Welcome back to week 5 - so glad you’re here! Here’s my little reminder, as always, that it’s okay (and recommended!) to take this material slowly. Your brain might say, no, go faster, learn it all, do more! But in reality, making change requires us to titrate, i.e., take things one small step at a time. You have all the time you need. Wishing you tiny sparks of goodness this week!
(0:00 - 6:40)
Hello and welcome back to Book Club, where this week we're going to be diving into Chapter 5 in Adult Children of Emotionally Immature Parents. So I'm curious how you're finding things so far. If you want to leave a comment or reply to me here, I'd love to hear any of the things that you're learning and thank you for all the comments you've left and shared with me so far.
I really love when this gets to feel like a community of us learning together. Because so much of healing from things like having emotionally immature parents requires us to have co-regulation. And for many of us, we may not have that.

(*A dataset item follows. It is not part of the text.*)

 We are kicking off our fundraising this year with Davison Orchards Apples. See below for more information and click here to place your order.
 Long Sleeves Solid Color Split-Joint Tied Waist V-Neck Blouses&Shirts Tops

We may not have a person in our lives who can truly understand what it's like to grow up in an environment like this. So while we might not see each other, I hope we can feel the energy that we're all holding as we do this depthful exploration together. So you may remember from last time that we talked about the different ways that emotionally immature parents can show up.

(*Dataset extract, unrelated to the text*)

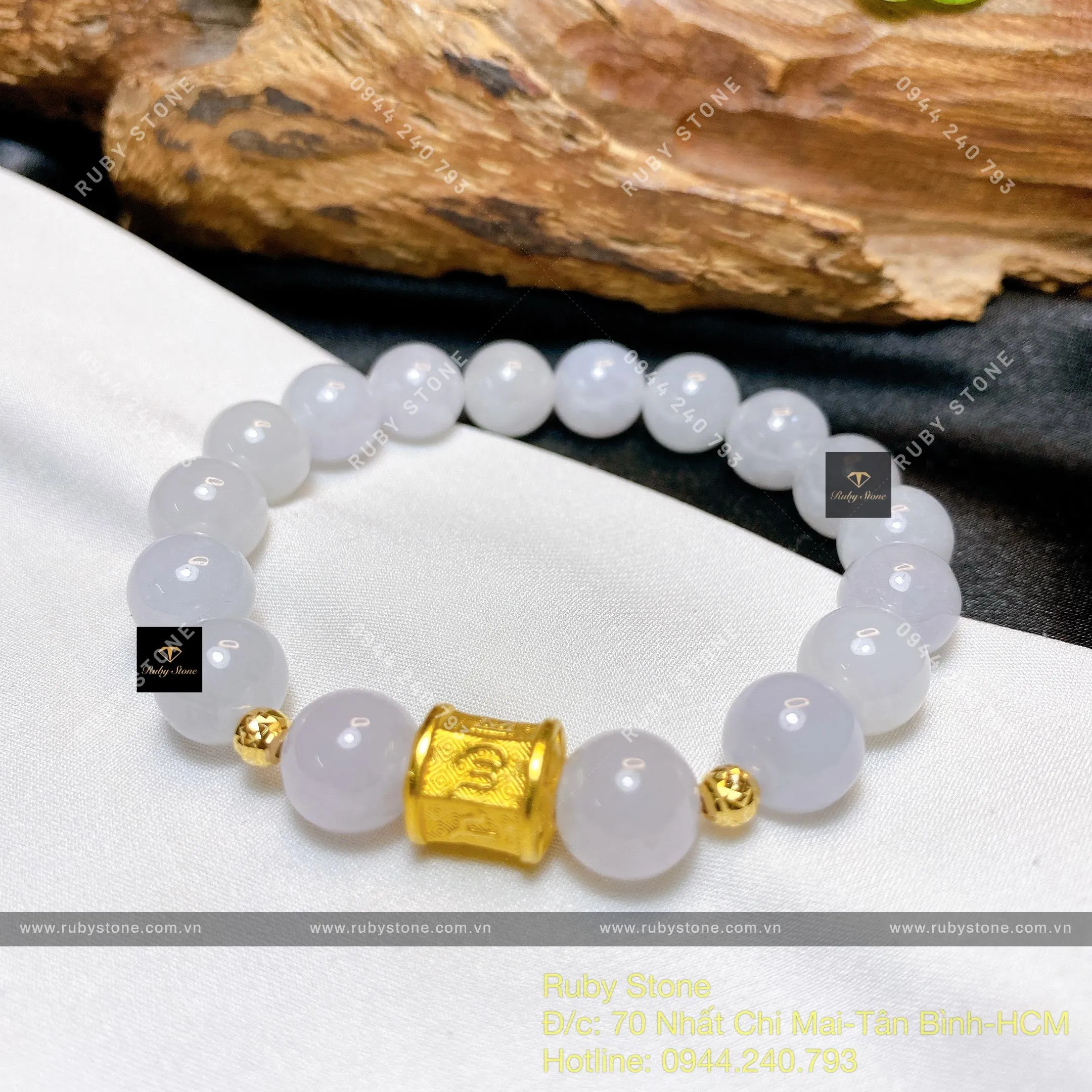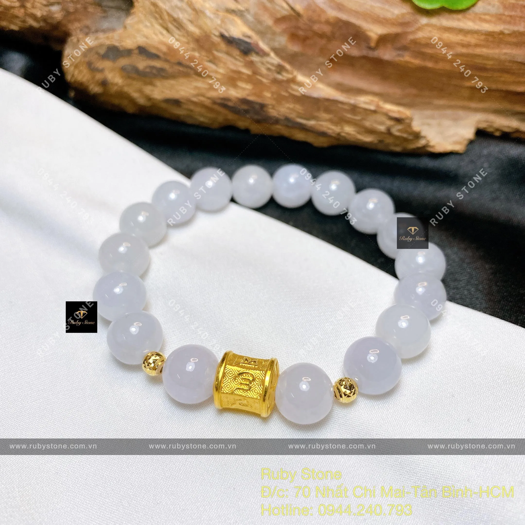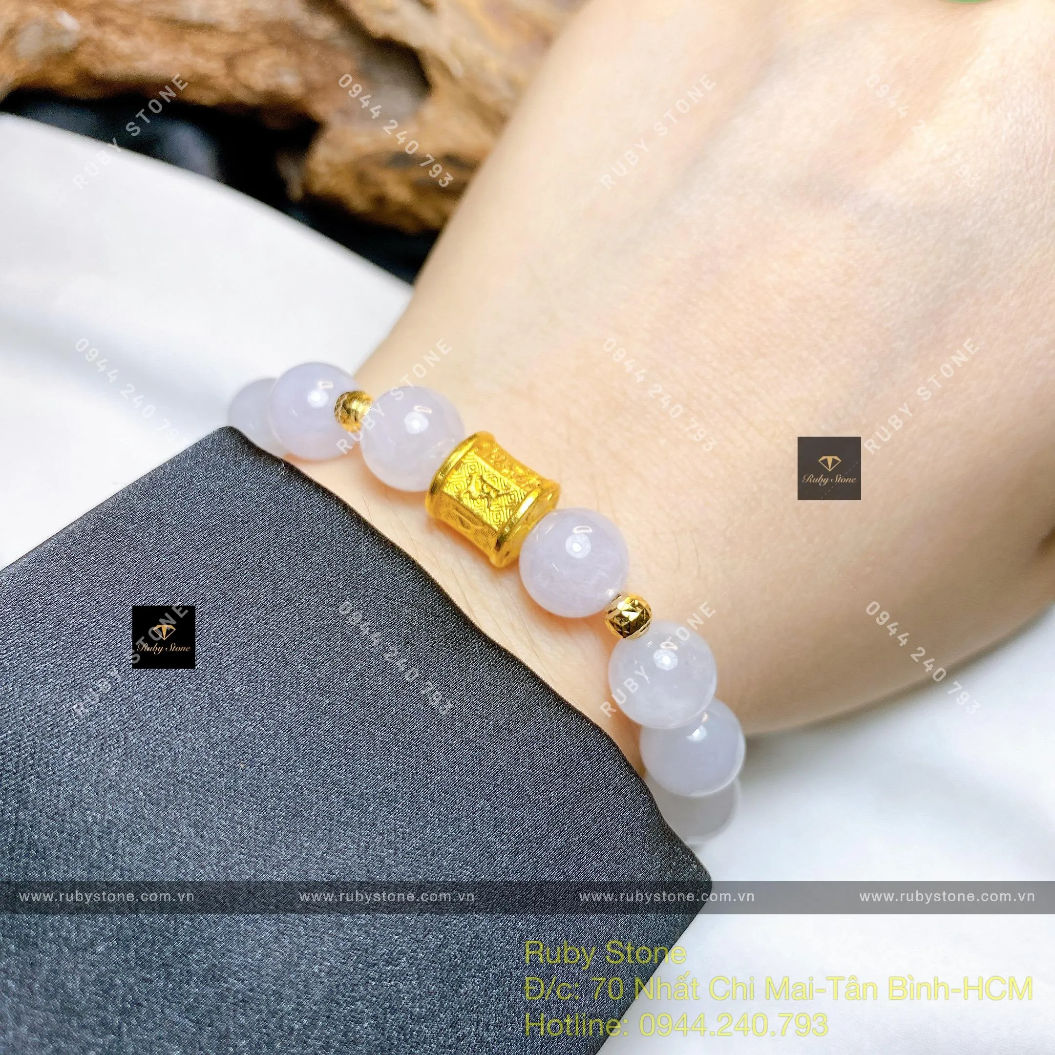 Vòng chuỗi Băng ngọc 9.5 ly, mix charm vàng 24k

In Chapter 5, we're going to talk about two concepts that I find so important as we are learning to heal and rewire our brain after growing up in environments with these environmental failures. And that is the healing fantasy and the role self. So let's dive in.
If you have been with me for a while through some of the other book clubs or some of my classes, you've heard me use the term survival strategy, protective mechanism, or parts. Specifically, protective parts. Those are all words for what happens when our environment can't meet our needs in a way that feels good to us.

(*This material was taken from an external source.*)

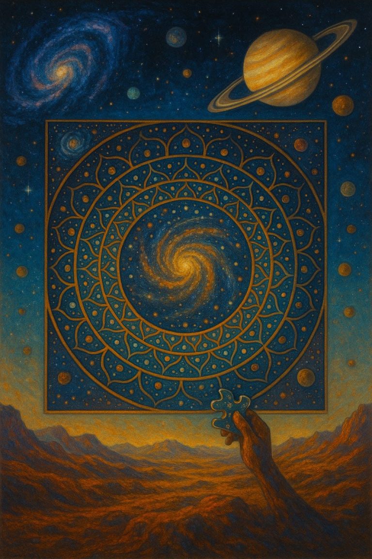 Dit buitenaardse kunstwerk, geschilderd door een hypothetische kunstenaar uit een verafgelegen melkwegstelsel, getuigt van een diepe contemplatie over de orde van het universum. Het schilderij combineert geometrische precisie met kosmische mystiek: een mandala-achtige structuur zweeft in de ruimte als een raamwerk dat een sterrenstelsel omvat. Vanuit een surrealistisch landschap reikt een hand — wezenlijk maar niet menselijk — een puzzelstukje aan richting de kosmische mandala.

So whether our parent needs us to be perfect so that they can feel safe, they need us to not feel emotions because they don't know how to be with emotions, they need us to take care of their needs because they can't meet their own needs. All of those things create an environment where, as you've heard me say many times, it feels unsafe for a child. And I can't emphasize that enough that to our child brain, these environments create a bind where we have to choose between our caregivers or ourselves.
And we rely on our caregivers to keep us safe and alive as children. So we will always choose our caregivers and we will split away from ourselves. In this book, she talks about it as coping.
And I have nothing wrong with the word coping, of course, but I think a lot of times we hear the word coping mechanism and it can get used really negatively. Like, well, this is just a coping mechanism. You know, you're just coping and you need to stop doing that.
And it's a little bit different from coping, so that's why I like to use the word survival strategy or protective mechanism. Maybe you've heard before of like pro-symptom therapy models. And what that means is we understand that all symptoms, all behaviors, all ways of talking to ourselves and treating ourselves that are negative are as a result of keeping ourselves safe and protecting us.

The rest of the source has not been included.